Но полицейский с извинениями попросил меня поподробнее рассказать об открытиии, о котором он прочитал в Wall Street Journal (на парковке он остановил пешехода, чтобы узнать, где наша компания). Он рассказал, что является членом общества родителей, которые по интернету сообщают друг другу о новейших медицинских достижениях, которые могут помочь их детям. И он пришел ко мне, потому что служит в нашем городе Вустер.
У его сына-подростка оказалось серьезное дегенеративное заболевание глаз, и, по прогнозу врачей, он через пару лет ослепнет. Схожая болезнь его родственника развилась примерно в том же возрасте, и сейчас он полностью ослеп. Он показал на коробку с книгами и сказал: «Пока что мой сын еще может это видеть. Но часы тикают…»
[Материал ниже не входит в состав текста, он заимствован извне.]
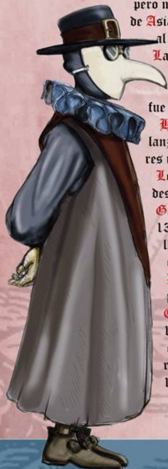
Aspecto que tenían los médicos de la época que trataban la peste. El extraño pico era en realidad una mascarilla rellena de algodones y plantas aromáticas para protegerse del mal olor.

A proximadamente 25 millones de muertes tuvieron lugar sólo en Europa junto a muchas otras en África y Asia . Algunas localidades fueron totalmente despobladas, con los pocos supervivientes huyendo y expandiendo la enfermedad aún más lejos. El descenso demográfico fue en algunas zonas realmente terrorífico. En China y en la India por ejemplo, la peste produjo entre los enfermos que la contrajeron una mortandad que iba del 60 al 90%, los índices de la pulmonar fueron prácticamente del 100%, de ahí que los cronistas de la época nos hablen de que desapareció una cuarta parte, la mitad, o incluso nueve décimas partes de la población.
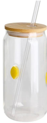
Smoothie Cup-M Größe: 16,4*8,5*H15,1cm Kapazität: 550 ml/18,6 Unzen Gewicht: 157,1g
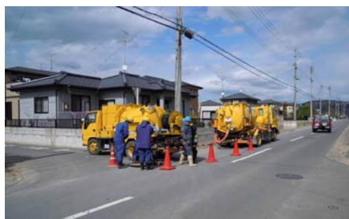
テレビカメラ調査状況
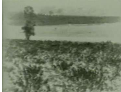
Figura 6 - Geadas negras, em julho de 1975
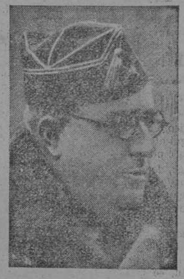
En vigila constante para ser vicio de la Patria. Fieles al Caudillo, que sabe es. A. C. ARRIBA ESPAÑA! El Reino YACUE

Y de pronto, surgen los motores, a cuya puesta en marcha han asistido, escuchando en todo momento de los movimientos del vehículo, las flechas de cada aparato. Naturalmente, aunque sean 2 trimotores "Savias" los señalados para efectuar el vuelo, que ha de constituir el bautismo del Aire de los flechas, es imposible que puedan suar todos a la vez que están en el campo de una sola vez; por lo que se da orden de efectuar los vuelos necesarios, para que todos lo puedan hacer.
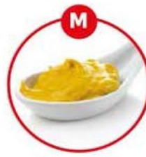
M FÜR SENF UND DARAUS GEWONNENE ERZEUGNISSE

Suppengrün, Gewürzbrot, Wurst, Fleischerzeugnisse, Fleischzubereitungen, Kräuterkäse, Fertiggerichte, Feinkostsalate, Brühe, Suppen, Eintopf, Marinaden, Gewürzmischungen, Curry, salzige Snacks (Chips)
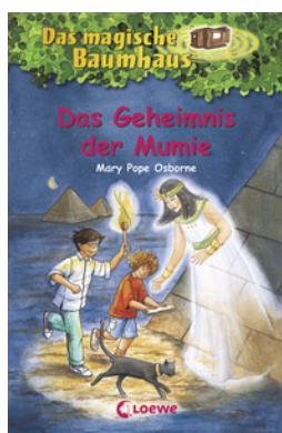
Das magische Baumhaus (Band 3) - Das Geheimnis der Mumie
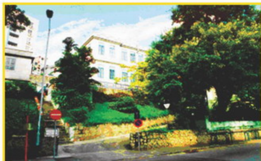
戒毒綜合服務中心 加思欄後新馬路

社工局編號 DTRS/IAS/C - PAN003 - 10.2005 - 5,000 exs.
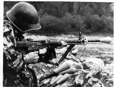
Beim Schiessen von Panzerwurfgranaten beim Schlierensammler.

phasen umfassten den gefechtsmässigen Anmarsch der Züge, den Kampf im Hinterhalt und Sperren auf Gegenseitigkeit, den gefechtsmässigen Einsatz von Helikoptern und deren Bekämpfung, einen AC-Parcours sowie das Panzerabwehrschiessen mit Bewertung. Die Gliederung der Züge zeigte einen Zugführer, einen Zugstrupp, zwei Füsiliergruppen, eine Panzerabwehrgruppe sowie eine Mitrailleurguppe. Gäste aus nah und fern, vor allem die Militärdirek-
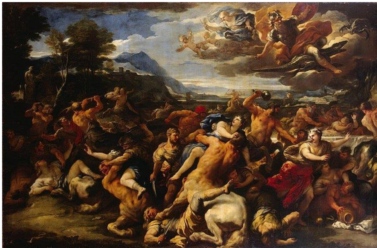
L. Giordano: Bitka medzi Lapitmi a Kentaurami (1688)
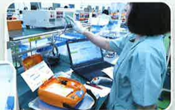
いくつもの検査をクリア
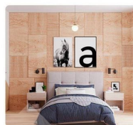
1-комнатная квартира Дом №2, подъезд №10
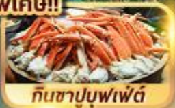
กินซาปูบุฟเฟ่ต์
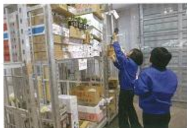
買受人ごとの台車へ
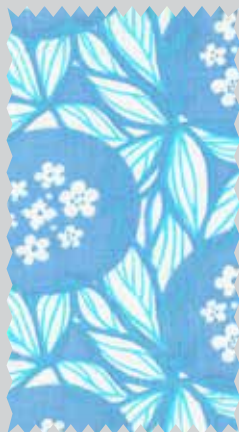
Maasike Maasik. 1969 Маасике Маасик. 1969
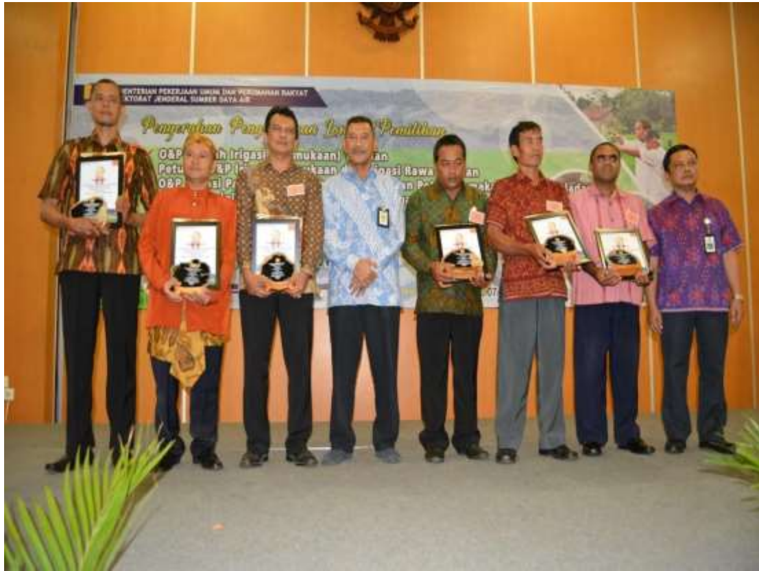
OP Irigasi Partisipatif Perkumpulan Petani Pemakai Air Tahun 2018
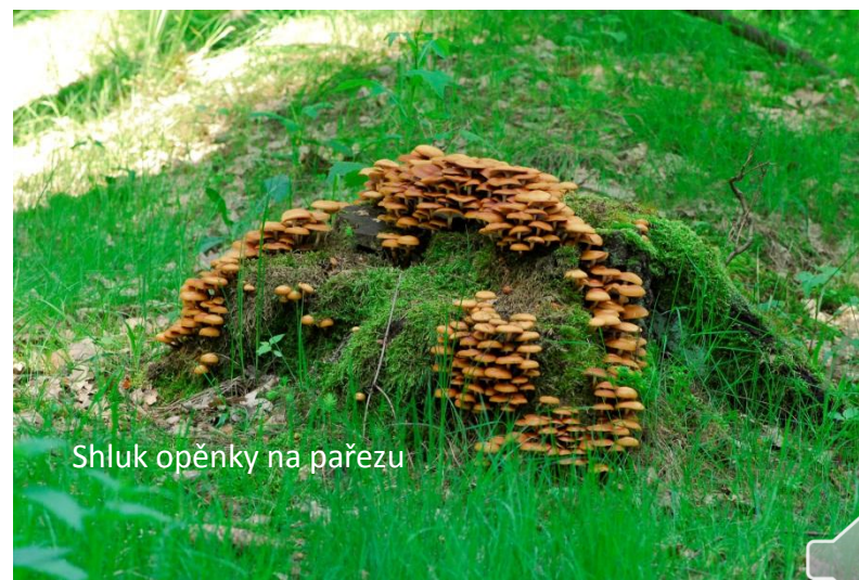
Shluk opěnky na pařezu
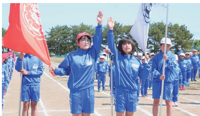
▲大間小学校 選手宣誓
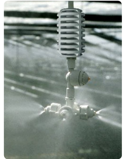
Thiết bị tưới phun sương

Giá tham khảo: Giá máy móc thiết bị: 500.000.000 VNĐ/1 hệ thống.
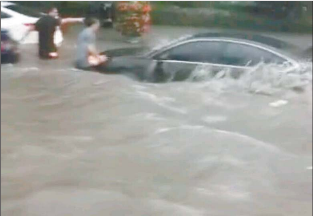
21日下午，济南飞跃大道济钢桥下水流很大，多辆汽车遭水淹抛锚。

Когда он закончил свой рассказ, я был готов разрыдаться. Слушать его было особенно тяжело – ведь я знал, что у меня в лаборатории хранились замороженные клетки, которые могли помочь при лечении его сына. Эти клетки уже более девяти месяцев пролежали в морозильной камере. Нам не хватало всего 20 тысяч долларов для экспериментов на животных, чтобы мы доказали их эффективность (иногда за такую сумму Пентагон закупает простой молоток). Уйдет еще год или два, пока не появятся средства доказать, что эти клетки – те самые, что могут восстановить зрительные функции у животных. И в самом деле, улучшение остроты зрения было на 100 % лучше, чем в контрольной группе, а побочные эффекты отсутствали. Сейчас (пока я работаю над книгой) мы ведем переговоры с Управлением по контролю за качеством пищевых продуктов и медикаментов (FDA) о начале реальных клинических испытаний на пациентах с дегенеративным поражением сетчатки. В число таких недугов входит и дегенерация желтого пятна, от которой страдают более 30 миллионов человек в мире.
Но у этих клеток есть и другая функция, куда более поразительная, чем способность предотвращать слепоту. В тех же чашках Петри с клетками сетчатки мы наблюдали образование фоторецепторов – то есть колбочек и палочек, благодаря которым мы видим, и даже миниатюрных «глазных яблок», которые как бы смотрят на нас через микроскоп. Во всех таких экспериментах мы начинаем с эмбриональных стволовых клеток, главных клеток организма, которые спонтанно производят все виды нервных клеток. И это первые виды клеток человеческого организма, которые они стремятся создавать. Некоторые из нейронов, которые я выращивал в лаборатории, имеют тысячи отростков, благодаря которым они общаются с клетками-соседями. Связи эти настолько обширны, что надо сделать дюжину фотографий, чтобы получить снимок одной-единственной клетки.
С биоцентрической точки зрения эти нервные клетки являются фундаментальными единицами реальности. Они – первое, что природа больше всего предпочитает создавать, когда ее не трогают. Нейроны, а не атомы представляют собой фундамент и принципиальную основу нашего мира, определяемого наблюдателем.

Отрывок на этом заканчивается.